§ TASK REQUIREMENTS: The answer must consist solely of the lines below starting at the one containing "Pound to 1cm" and ending at the one containing "壁付電気部材のシンボル表示が重なった箇所を総合図用に自動調整でき、さらにシンボ", repeated exactly, with both ends included and all pictures omitted.

== DATA SHOWN

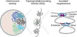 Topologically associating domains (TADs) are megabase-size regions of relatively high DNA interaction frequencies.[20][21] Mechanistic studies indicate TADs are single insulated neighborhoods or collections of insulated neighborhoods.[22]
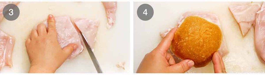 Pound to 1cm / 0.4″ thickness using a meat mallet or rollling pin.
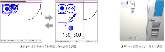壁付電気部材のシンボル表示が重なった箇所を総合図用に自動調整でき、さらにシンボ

====
== DATA SHOWN

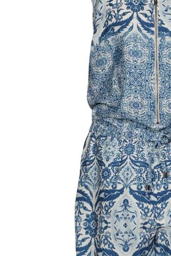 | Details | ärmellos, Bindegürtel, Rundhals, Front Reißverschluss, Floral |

====

§ RESULT FOR THIS TASK:
 Pound to 1cm / 0.4″ thickness using a meat mallet or rollling pin.
壁付電気部材のシンボル表示が重なった箇所を総合図用に自動調整でき、さらにシンボ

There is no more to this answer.